There will be one in-class midterm as described on the course calendar. Students will be allowed one standard letter (8.5" x 11") page of notes during exams. Use of electronic communication devices (phones, laptops, e-readers, etc.) is banned during the exam.
The final project is an opportunity for more open-ended exploration of concepts in the course. This can be completed individually or in groups of 2; working in groups is encouraged! Several options will be provided. Students will write a brief 1-page proposal describing what they plan to do and how they plan to do it, which the course staff will provide feedback on.
Your final grade is computed based on the total points earned across all assignments. The final grade is mapped to a letter as follows, with grades on the boundary receiving the higher grade:
A | 100 - 93.3 |
A- | 93.3 - 90.0 |
B+ | 90.0 - 86.6 |
B | 86.6 - 83.3 |
B- | 83.3 - 80.0 |
C+ | 80.0 - 76.6 |
C | 76.6 - 73.3 |
C- | 73.3 - 70.0 |
D | 70 - 65 |
F | below 65 |
Depending on class performance, the instructors may shift these boundaries down to raise students' grades.

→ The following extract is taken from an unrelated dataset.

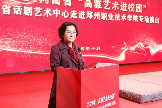黨(dang) 委書(shu) 記呂村代表全校師生對河南話劇藝術中心各位藝術家的到來,表示熱烈的歡迎和誠摯的感謝!呂書(shu) 記在講話中指出,習(xi) 近平總書(shu) 記在文藝工作座談會(hui) 上的重要講話中深刻闡明文化、文藝對一個(ge) 民族、對人類文明發展進步的重大作用、深遠影響。鄭州職業(ye) 技術學院自2012年以來堅持將“高雅藝術進校園”作為(wei) 開展大學生素質教育的重要載體(ti) ,引領師生“走進藝術、聆聽經典、陶冶情操、提高素養(yang) ”,形成充滿活力、多方協作、開放多元的學校美育新格局,有力引領了高質量校園文化的發展。她強調,當前,鄭州職業(ye) 技術學院正處在爬坡過坎、努力升本的建設中,需要我們(men) 鼓足十分幹勁。今天,我們(men) 重溫焦裕祿這位人民公仆感人至深的事跡,不僅(jin) 是一場文化藝術的盛宴,更是一堂思想政治課,一堂形式特殊的黨(dang) 課,希望大家要認真感悟話劇《焦裕祿》帶來的深刻意義(yi) ,從(cong) 中汲取力量,傳(chuan) 承偉(wei) 大精神,進一步激發自身的緊迫感、責任感和使命感,勇擔時代使命,砥礪實幹奮進,奮力書(shu) 寫(xie) 鄭州職業(ye) 技術學院職業(ye) 教育高質量發展的新篇章。

Please read the department's academic honesty policies. For this course, students should complete all assignments independently, excluding the final project, which may be completed in groups. Limit any discussion of assignments with other students to clarification of the requirements or definitions of the problems, or to understanding the existing code or general course material. Never discuss issues directly relevant to problem solutions with other students. Finally, note that you may not use external resources (e.g., code on Github that does the assigned task) except where explicitly authorized by the course staff.
Be sure you respect these policies when posting on Piazza. Asking clarifying questions, addressing possible bugs in the provided code, etc. are fair game, but you should not discuss solutions in a substantive way. When in doubt, post privately to the instructors.
Students who violate these policies may receive a failing grade on the assignment in question or for the course overall, depending on the instructors' judgment and the severity of the infraction.
Disabilities: Students with disabilities may request appropriate academic accommodations from the Division of Diversity and Community Engagement, Services for Students with Disabilities at 512-471-6259.